Snowplow Architecture
Architecture Decisions
- Terraform - I customized the Collector and Iglu terraform modules so there was one ALB for all patrick-cloud.com traffic. Also, I ran Nginx on the server to allow ssl traffic from the ALB to the EC2 via self-signed certificates. Nginx listens on port 443(also 80 but redirects traffic to 443) and forwards the traffic to 0.0.0.0:8080 which the Snowplow application is listening on.
- Security - All EC2's are in private subnets so only access to them is through the ALB. Kinesis, SQS, SNS, Cloudwatch and Secrets Manager are all encrypted with a CMK for fine grain IAM. SQS and Kinesis have access policies defined for further IAM.
- Metrics Collecting - Prometheus scrapes metrics from the Collector application I exposed on port 8125.
- Monitoring - Each application is sending logs to Cloudwatch. A Cloudwatch Metric Filter is set up on each log group to look for the pattern 'ERROR' with an attached Cloudwatch Alarm that will send an email when triggered.
- Alarms - The standard AWS alarms are applied to EC2, Kinesis, SQS, SNS and RDS. These alarms will also send an email when triggered.
- EC2 - Error log detection, High CPU, Low CPU
- Kinesis - Put records success rate, Get records success rate, Age of message in stream
- SQS - Age of oldest message, Number of messages visisble, number of messages invisible
- S3 - 4XX errors, 5XX errors
- Loader - Data is loaded into the Databricks warehouse where DBT is set up to run and process the event data.
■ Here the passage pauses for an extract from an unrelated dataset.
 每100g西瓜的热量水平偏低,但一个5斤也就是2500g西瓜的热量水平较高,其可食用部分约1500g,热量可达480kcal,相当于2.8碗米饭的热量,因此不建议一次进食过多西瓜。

A Dashboard is produced below based on a Databricks notebook.

Consoles
- Snoplow Collector EC2 - Nginx directs traffic to index.html
- Snoplow Iglu EC2 - Nginx directs traffic to index.html
Event Customization
I created a custom snowplow event "Sample Input" that reads data from an input from the text box below. I had to add a custom schema to my Iglu Registry so the event could be validated.
Events Tracked
The following events are collected by the JavaScript Tracker.
- Page Views
- Activity(Page pings)
- Sessions
- Link clicks
- Forms
- Browser
- Geo Location
- Client Hints
- Sample Input - Custom metric I created to track input into the message box.
Enrichments
- UA parser - This enrichment uses the ua-parser library to parse the user agent and provide information about the user's device.
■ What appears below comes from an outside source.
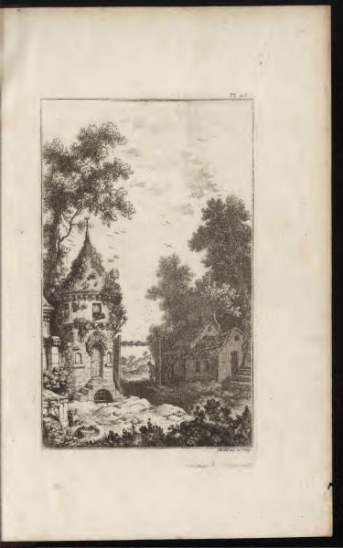 Pl. 68 Page Summary: This is plate number 68 from a book. The page contains an etching of a landscape scene with a small building, trees, and a village in the background. << Go to previous page Go to Beginning of this Book Go to Index of this Book's pages Go to list of Books Go to next page >>

- YAUAA - It uses YAUAA API to parse and analyze all user agent information of an HTTP request and extract as many relevant information as possible about the user's device and browser, like for instance the device class (Phone, Tablet, etc.).
- Event fingerprint - This enrichment computes the fingerprint of an event using the query string parameters.
- Campaign attribution - This enrichment can be used to link events to marketing campaigns, using the query string parameters.
- Referer parser - This enrichment uses snowplow referer-parser library to extract attribution data from referer URLs.